Commercial airlines around the world canceled more than 4,300 flights over the Christmas weekend, as a mounting wave of COVID-19 infections driven by the Omicron variant created greater uncertainty and misery for holiday travelers.

Airline carriers globally scrapped at least 2,366 flights on Friday, which fell on Christmas Eve and is typically a heavy day for air travel, according to a running tally on the flight-tracking website FlightAware.com. Nearly 9,000 more flights were delayed.

The website showed that 1,616 Christmas Day flights were called off worldwide, along with 365 more that had been scheduled for Sunday.

Commercial air traffic within the United States and into or out of the country accounted for more than a quarter of all the canceled flights over the weekend, FlightAware data showed.

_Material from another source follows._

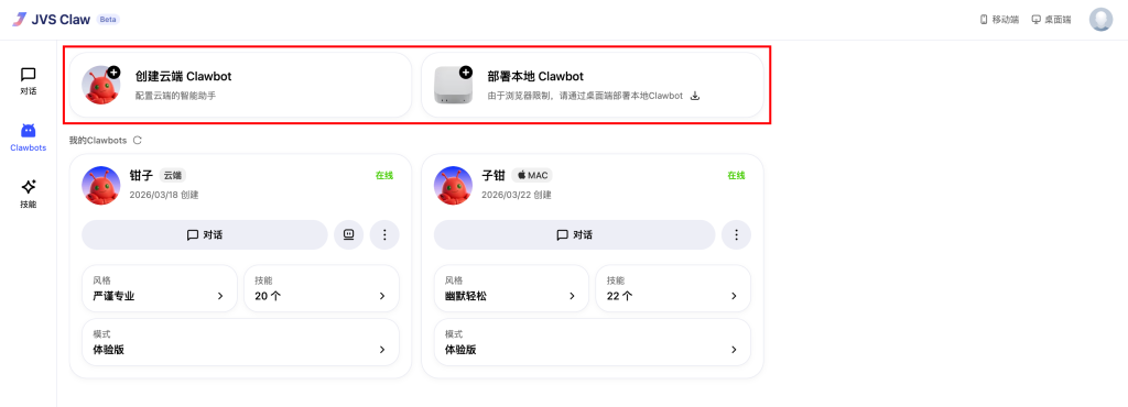 JVS Claw 支持本地和云端两种部署模式,客户端有 Web 端、桌面端和移动端,三端齐全,完成度非常高。

In Australia, thousands of festive journeys were affected on Friday, with more than 100 domestic flights from Sydney and Melbourne to other cities cancelled.

An arriving passenger is administered a COVID-19 test at the Tom Bradley International Terminal in Los Angeles, California, U.S., December 23, 2021. /CFP

An arriving passenger is administered a COVID-19 test at the Tom Bradley International Terminal in Los Angeles, California, U.S., December 23, 2021. /CFP

Among the first U.S. carriers to report a wave of holiday weekend cancellations were United Airlines and Delta Air Lines, which scrubbed nearly 280 flights combined on Friday alone, citing personnel shortages amid the surge of COVID-19 infections.

COVID-19 infections have surged in the United States in recent days due to the highly transmissible variant Omicron, which was first detected in November and now accounts for nearly three-quarters of U.S. cases and as many as 90 percent in some areas, such as the Eastern Seaboard.

While recent research suggests Omicron produces milder illness, and a lower rate of hospitalizations, than previous variants of COVID-19, health officials are concerned by the number of cases. One in 20 Londoners had COVID-19 last week, a figure that could rise to one in 10 by early next week, according to data released on Thursday by the Office for National Statistics.

UK government data showed a record tally of 122,186 new infections nationwide on Friday, marking a third day in which the number of known cases has surpassed 100,000.